Hi, I’m using file_uploader in my app like this:
st.file_uploader(
"Load files for processing",
type="pdf",
accept_multiple_files=True,
key="uploaded_files",
on_change=uploaded_files_changed)
Loaded file are then saved in session state under the uploaded_files key. After uploading the app into Streamlit Cloud and further testing, I came across an issue where when I add and remove files for a few times, it can occur that the list containing uploaded files (st.session_state['uploaded_files']) contains an instance of DeletedFile. I’m wondering how I can evade this situation. I came up with a solution where I just check every item in the list whether it is an instance of UploadedFile, but I’m not convinced this is the right approach?
Is it happening repeatedly on the deployed app? Could you also screen-record this behavior and share it with us so we can look into it? Thanks again for sharing this.
Unfortunatelly, I was not able to reproduce this issue myself. This issue originally happened to one of my clients while testing the demo app. I have noticed the errors only via the logs produced by the deployed app.
The errors arose when while processing the uploaded files (PDFs), as the pdf parser could not load DeletedFile instances as they have no data parameter.
Since I was passing the st.session_state['uploaded_files'] list to the pdf parser as a whole, I assumed the list must have contained instanced of DeletedFile. This wouldn’t be an issue by itself as I can always filter the list to get rid of unwanted DeletedFile instances, but I was mainly surprised since there was no mention of DeletedFile instances in the api docs.
Traceback (most recent call last):
File "/home/adminuser/venv/lib/python3.9/site-packages/streamlit/runtime/scriptrunner/script_runner.py", line 548, in _run_script
self._session_state.on_script_will_rerun(rerun_data.widget_states)

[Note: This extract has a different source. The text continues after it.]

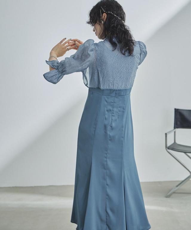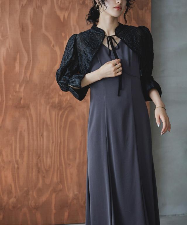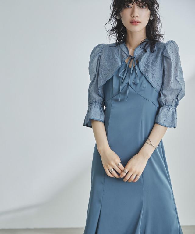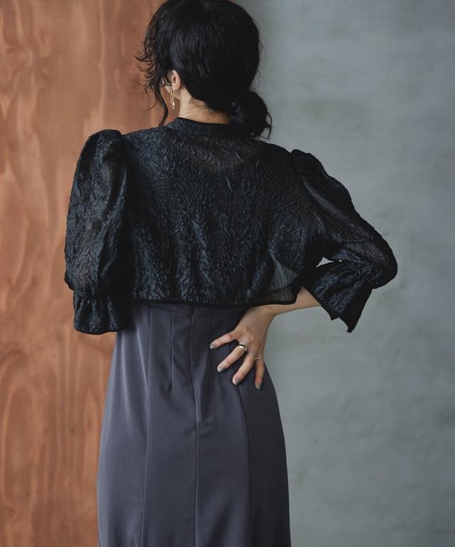 ショート丈ボレロは前後で着回し可能で、程よい透け感が抜け感を与えて

File "/home/adminuser/venv/lib/python3.9/site-packages/streamlit/runtime/state/safe_session_state.py", line 68, in on_script_will_rerun
self._state.on_script_will_rerun(latest_widget_states)

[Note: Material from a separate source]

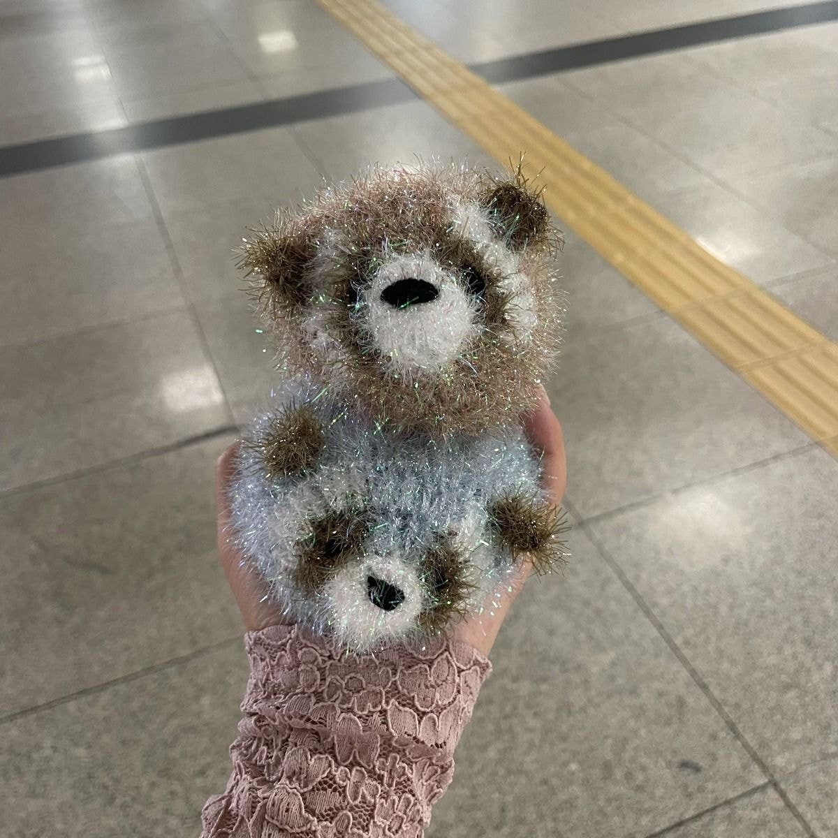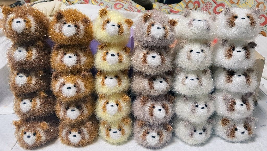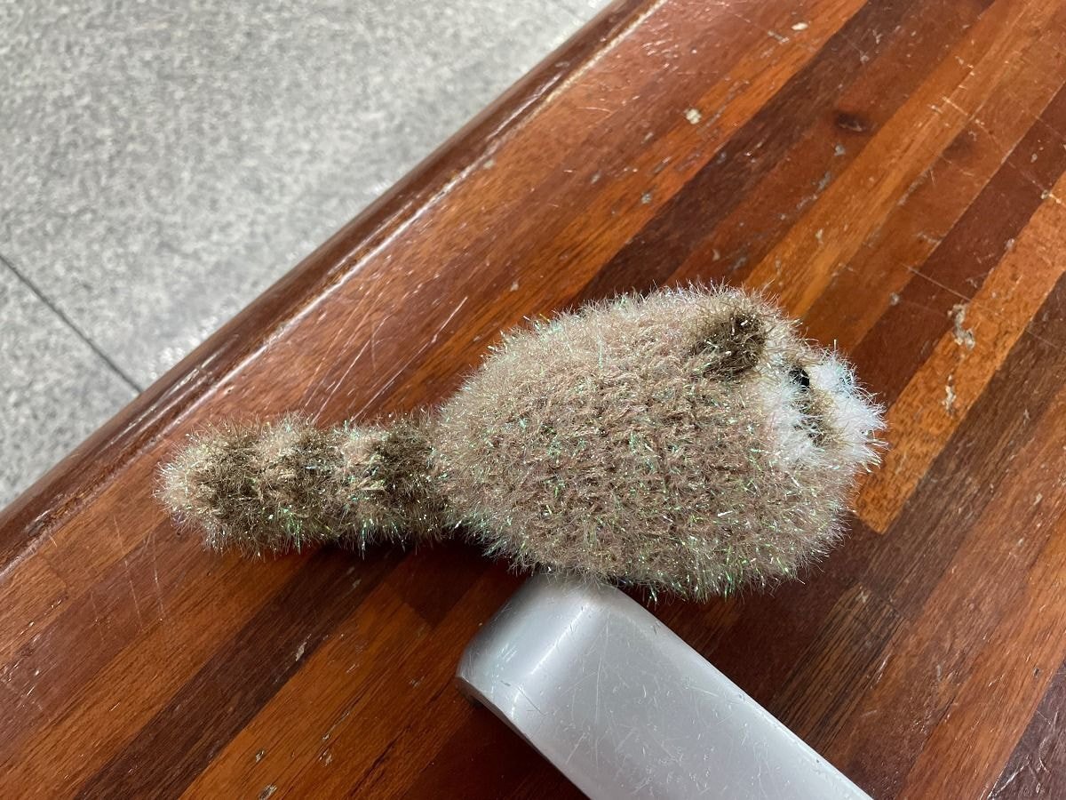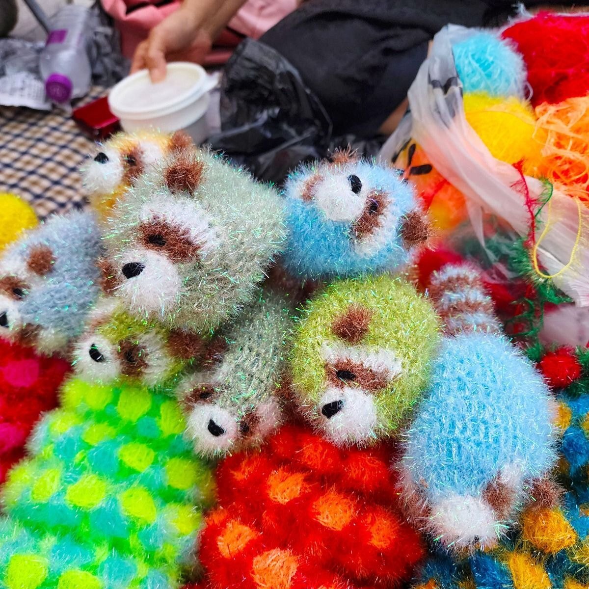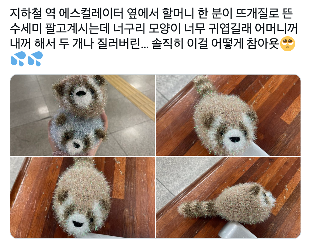 “지하철 역 에스컬레이터 옆에서 할머니 한 분이 뜨개질로 뜬 수세미 팔고계시는데 너구리 모양이 너무 귀엽길래 어머니꺼 내꺼 해서 두 개나 질러버린… 솔직히 이걸 어떻게 참아욧🥺💦💦

File "/home/adminuser/venv/lib/python3.9/site-packages/streamlit/runtime/state/session_state.py", line 486, in on_script_will_rerun
self._call_callbacks()
File "/home/adminuser/venv/lib/python3.9/site-packages/streamlit/runtime/state/session_state.py", line 499, in _call_callbacks
self._new_widget_state.call_callback(wid)

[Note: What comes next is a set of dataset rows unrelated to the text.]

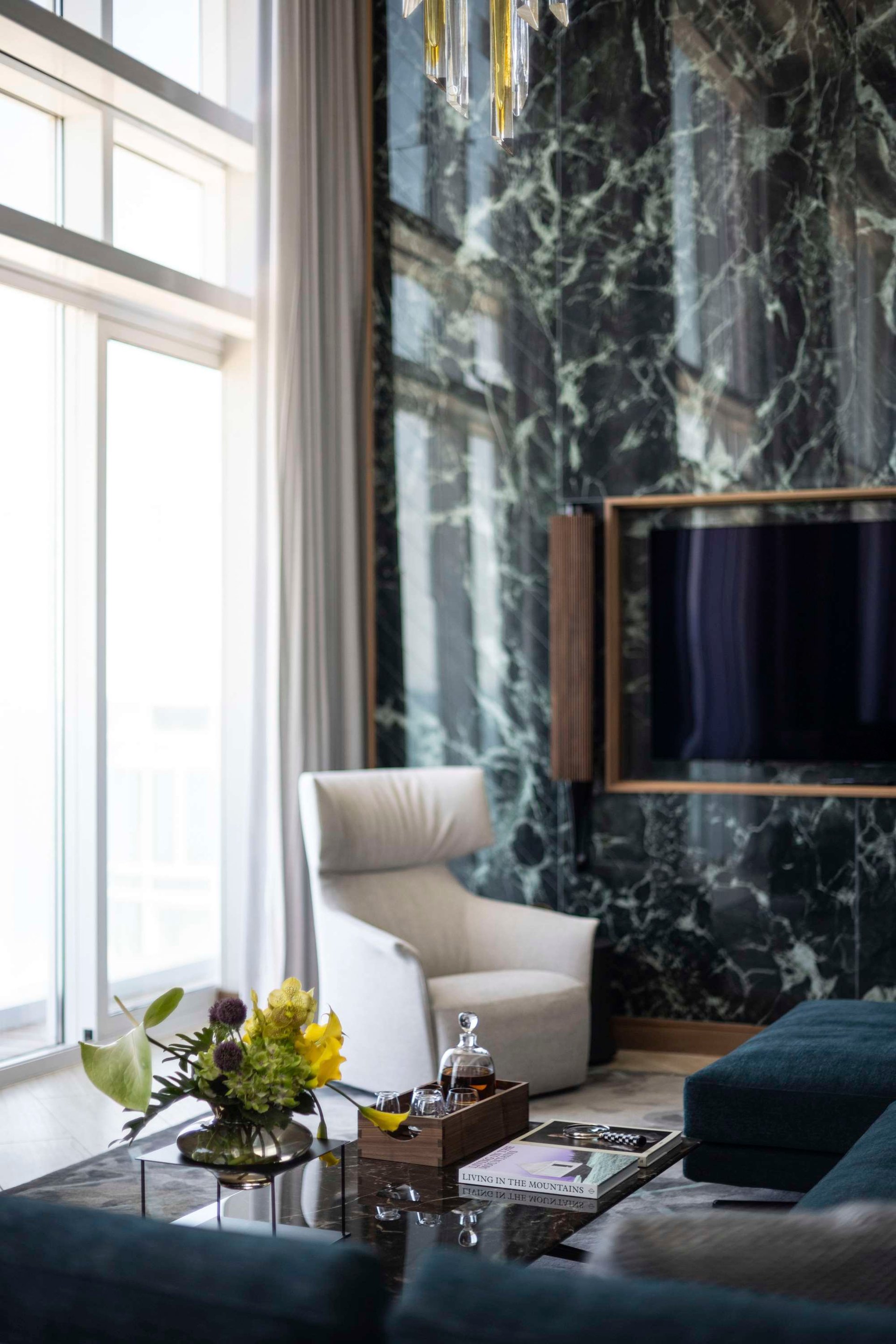 Exclusive Penthouse Features: Designed for both grand entertaining and intimate relaxation, the light-flooded living room is a masterpiece of design. It boasts tailored finishes with playful designs, original artwork, a baby grand piano, and bold furnishings, creating an inviting atmosphere perfect for lounging and dining. And for the ultimate in personalised service, Butler service is included to cater to your every need.
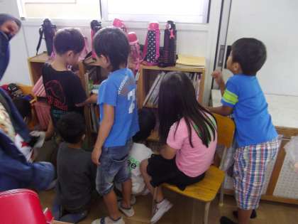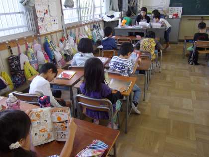 1年生の読書タイムの様子です。各学級に学級文庫を設置し、各学年に応じた本を用意しています。子どもたちは、図書室や学級文庫から好きな本を選んで読んでいます。
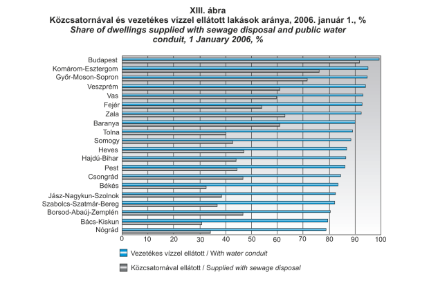 - Share of dwellings supplied with sewage disposal and public water conduit, 1.I.2006. %
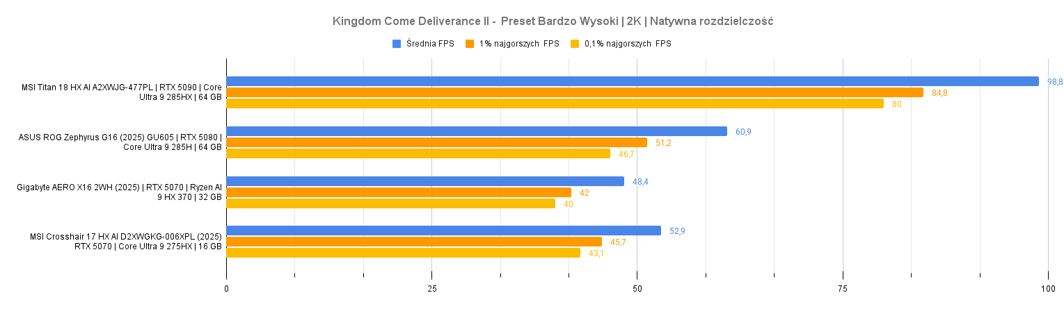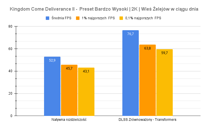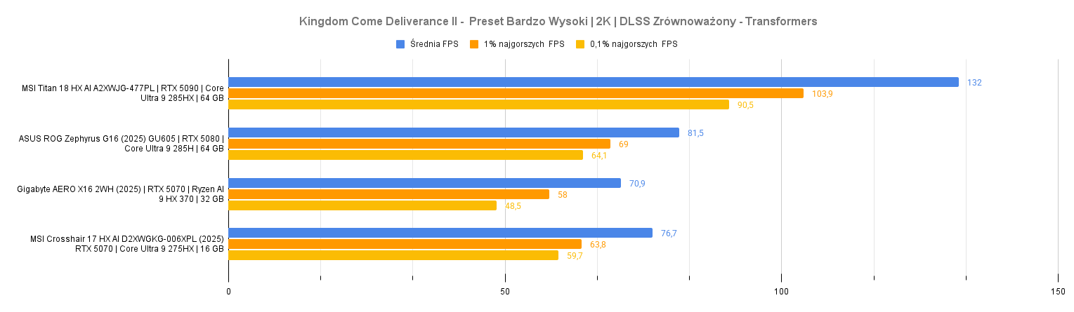 Kingdom Come Deliverance II lubi DLSS Transformers. Z 52,9 fps na natywnej rozdzielczości robi się 76,7 fps, a minima podnoszą się z 45,7/43,1 do 63,8/59,7. Animacja jest wyraźnie spokojniejsza, a Crosshair zbliża się do 5080, zostawiając AERO X16 z tym samym 5070 kilka klatek w tyle.
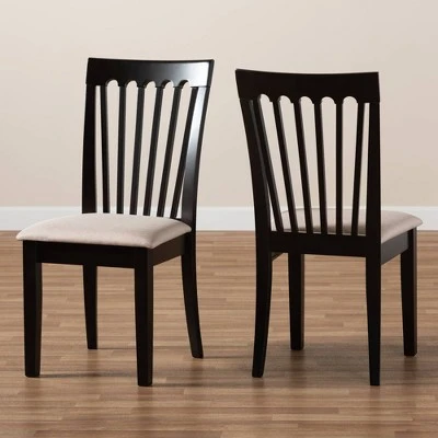 Timeless design is merged with modern comfort in the Minette dining chair. Made in Malaysia, this solid wood chair features a sleek espresso finish that complements the light polyester fabric upholstery. An optimal balance of comfort and style, the Minette features a plush foam-padded seat, as well as a striking cut-out design on its back for enhanced visual appeal. The Minette dining chair requires assembly and is compatible with a wide range of kitchen color palettes. Whether used for chic dinner parties or casual family dinners, the Minette chair is sure to elevate any dining experience. Dimensions: 38.2″ high x 21.7″ wide x 18.5″ deep; Seating dimensions: 18.5″ wide x 16.1″ deep x 18.5″ high (from Floor); Back: 19.7″ high; Legs: 16.9″ high;
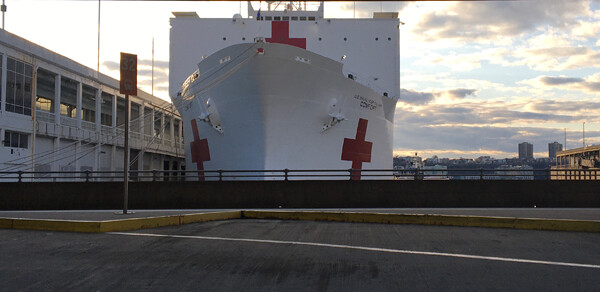 The Comfort hospital ship has arrived. Mark and I walked all the way up along the Hudson river to welcome it, but it was also very quiet, docked in Pier 90 around 49th street, sitting behind a veil of green net in some kind of majestic silence. Nothing to see, from there down to the Javits Convention Center, which has been turned into a hospital. The Army Corps of Engineers were moving around deep in the building’s vast interior like miniature figures, but still it was all very quiet. Some emergency vehicles idling in the streets outside, as if waiting for the unknown.
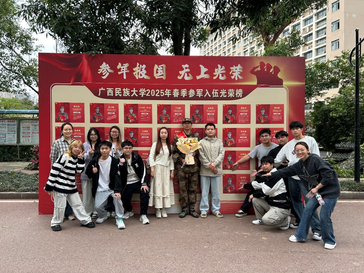 2025年3月12日下午,广西民族大学2025年春季大学生参军入伍仪式在相思湖校区大学生活动中心101室顺利举行。经济学院2023级数字经济2班张宇财同学光荣参军。
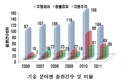 자동으로 주행하고, 스스로 주차하는 등 미래 자동차 관련기술들이 현실화되고 있다. 국내 출원인으로는 현대ㆍ기아자동차와 같은 완성자동차 생산기업이 374건으로 전체의 40%를 차지하고 있고, 만도와 같은 부품 관련 중소기업이 304건으로 33%, 개인 및 대학ㆍ연구기관이 75건으로 27%를 나타냈다. 한편, 주행 제어와 충돌 회피 분야는 완성자동차 생산기업이, 자동 주차 분야는 부품기업 및 중소기업의 출원 비율이 높은 것으로 나타났다. 그래프, 도표< 기술 분야별 출원건수 및 비율 > <화학저널 2011/11/23> |

File "/home/adminuser/venv/lib/python3.9/site-packages/streamlit/runtime/state/session_state.py", line 251, in call_callback
callback(*args, **kwargs)
File "/mount/src/deployed-app/app.py", line 35, in uploaded_files_changed
[assume_file_type(file) for file in st.session_state['uploaded_files']]
File "/mount/src/deployed-app/app.py", line 35, in <listcomp>
[assume_file_type(file) for file in st.session_state['uploaded_files']]
File "/mount/src/deployed-app/helper_functions.py", line 32, in assume_file_type
body = get_text_from_pdf(file)
File "/mount/src/deployed-app/pdf_parser.py", line 10, in get_text_from_pdf
reader = PdfReader(file)
File "/home/adminuser/venv/lib/python3.9/site-packages/pypdf/_reader.py", line 332, in __init__
self.read(stream)
File "/home/adminuser/venv/lib/python3.9/site-packages/pypdf/_reader.py", line 1553, in read
self._basic_validation(stream)
File "/home/adminuser/venv/lib/python3.9/site-packages/pypdf/_reader.py", line 1592, in _basic_validation
stream.seek(0, os.SEEK_SET)
AttributeError: 'DeletedFile' object has no attribute 'seek'